QHR Technologies Inc.
TSX VENTURE : QHR

QHR Technologies Inc.

December 08, 2009 13:56 ET

QHR Announces Acquisition of 100% of the Class A Common Voting Shares of Clinicare Corporation

KELOWNA, BRITISH COLUMBIA--(Marketwire - Dec. 8, 2009) - QHR Technologies Inc. ("QHR" or the "Company") (TSX VENTURE:QHR) announced today that the Company has completed the acquisition (the "Acquisition") of 100% of the Class A common voting shares and approximately 19.5% of the Class B common non-voting shares of Clinicare Corporation ("Clinicare"). Following the Acquisition, QHR owns approximately 79% of the total issued and outstanding shares of Clinicare. In connection with the Acquisition, QHR has commenced a subsequent offer to acquire the remainder of the Class B non-voting common shares under similar terms and conditions until February 28, 2010.

The acquisition of Clinicare, which is effective November 30, 2009, together with QHR's Electronic Medical Records ("EMR") division has created one of Canada's leading EMR providers to the healthcare market.

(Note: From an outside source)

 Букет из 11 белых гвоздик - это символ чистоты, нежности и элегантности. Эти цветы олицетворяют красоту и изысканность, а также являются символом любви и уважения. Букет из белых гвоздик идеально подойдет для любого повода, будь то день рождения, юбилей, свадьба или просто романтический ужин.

Moving forward, it is anticipated that QHR's EMR division, Optimed Software Corporation ("Optimed"), will support over 3,000 physicians across Canada in almost every province for its products, with over 2,000 physicians utilizing EMR. QHR believes more Canadian physicians will be using Optimed's EMR than any other EMR solution and these physician clients have the most extensive EMR database of patient information in Canada.

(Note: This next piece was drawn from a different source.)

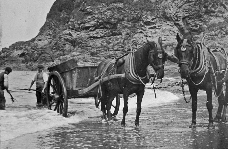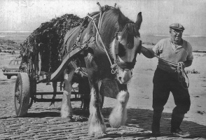 - The sight of a horse pulling a cart dripping with newly gathered vraic, rich brown and glistening, and with a vraic fork or two sticking out from the back of the load, has gone forever, as also the sound of cart¬wheels rumbling over the granite setts of a slipway.

In announcing the completion of the Acquisition, Mr. Hildebrandt, Chief Executive Officer of QHR, said, "This is a very exciting day for our shareholders, customers and employees. The combined organization will be stronger in the areas of product development, customer support, and sales & marketing and the synergies will enable Optimed to better serve current customers and grow the business in the future."

It is expected that the acquisition will add approximately $3,250,000 of annual recurring revenue in 2010, resulting in combined EMR division recurring revenue of over $6,000,000, and QHR's consolidated recurring revenue in excess of $10,000,000 for 2010.

The acquisition price for 100% of all issued and outstanding shares of Clinicare is $5,000,000, with working capital and other adjustments. The initial payment to the former Clinicare shareholders is scheduled for 30 days after closing, with final payments due within 60 days after closing. The former Clinicare shareholders have the option to receive cash or common shares of QHR, at a deemed price $0.65 per share, for their shares of Clinicare.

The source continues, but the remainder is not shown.